* **Data extracts**

>>>

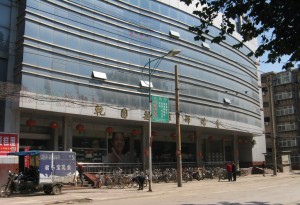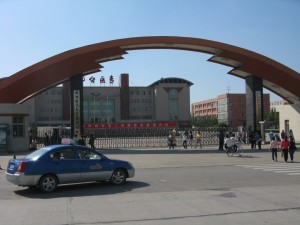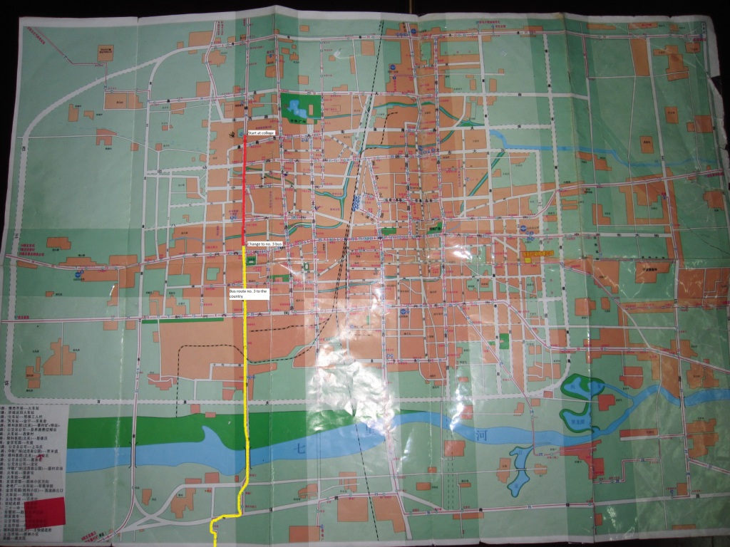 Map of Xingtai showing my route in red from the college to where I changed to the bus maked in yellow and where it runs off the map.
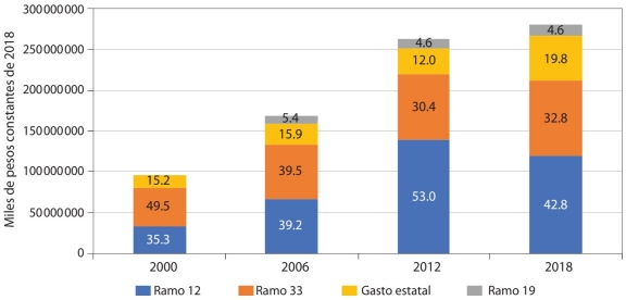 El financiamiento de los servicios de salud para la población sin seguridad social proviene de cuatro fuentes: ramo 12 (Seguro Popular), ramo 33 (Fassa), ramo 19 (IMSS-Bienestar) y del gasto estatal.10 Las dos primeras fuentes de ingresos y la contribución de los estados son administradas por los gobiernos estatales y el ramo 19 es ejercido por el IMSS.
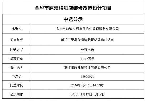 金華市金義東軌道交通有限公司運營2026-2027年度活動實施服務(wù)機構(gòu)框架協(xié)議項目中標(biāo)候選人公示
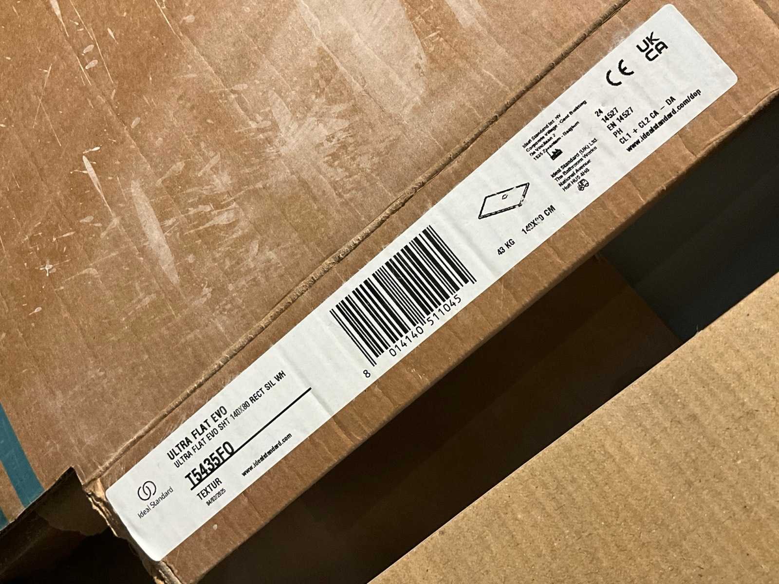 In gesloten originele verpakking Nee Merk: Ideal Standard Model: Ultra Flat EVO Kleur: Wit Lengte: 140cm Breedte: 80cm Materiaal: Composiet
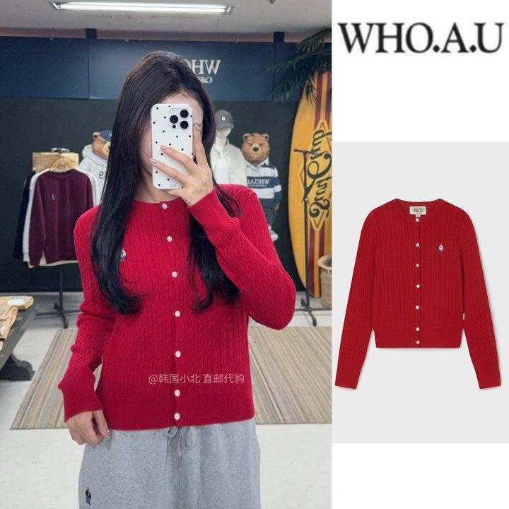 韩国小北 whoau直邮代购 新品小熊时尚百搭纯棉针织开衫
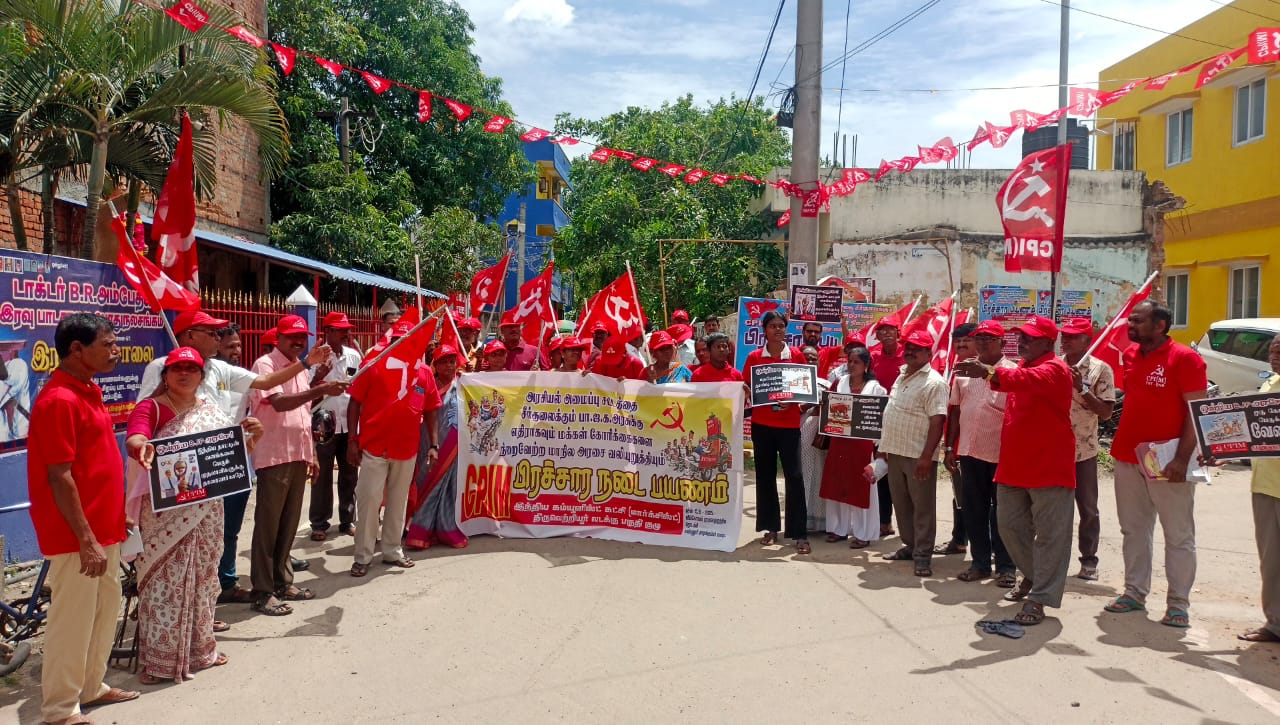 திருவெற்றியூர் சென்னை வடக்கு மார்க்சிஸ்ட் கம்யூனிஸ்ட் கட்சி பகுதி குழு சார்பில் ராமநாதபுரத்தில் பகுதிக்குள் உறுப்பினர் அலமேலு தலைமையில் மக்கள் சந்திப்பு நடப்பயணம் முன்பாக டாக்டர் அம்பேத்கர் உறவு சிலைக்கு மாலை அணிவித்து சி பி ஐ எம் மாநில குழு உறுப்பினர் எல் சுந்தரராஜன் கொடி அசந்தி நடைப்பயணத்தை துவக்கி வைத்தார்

<<<

Everything from the line containing "In gesloten originele" through the last line of the listing above must be output exactly, except the pictures.

 In gesloten originele verpakking Nee Merk: Ideal Standard Model: Ultra Flat EVO Kleur: Wit Lengte: 140cm Breedte: 80cm Materiaal: Composiet
 韩国小北 whoau直邮代购 新品小熊时尚百搭纯棉针织开衫
 திருவெற்றியூர் சென்னை வடக்கு மார்க்சிஸ்ட் கம்யூனிஸ்ட் கட்சி பகுதி குழு சார்பில் ராமநாதபுரத்தில் பகுதிக்குள் உறுப்பினர் அலமேலு தலைமையில் மக்கள் சந்திப்பு நடப்பயணம் முன்பாக டாக்டர் அம்பேத்கர் உறவு சிலைக்கு மாலை அணிவித்து சி பி ஐ எம் மாநில குழு உறுப்பினர் எல் சுந்தரராஜன் கொடி அசந்தி நடைப்பயணத்தை துவக்கி வைத்தார்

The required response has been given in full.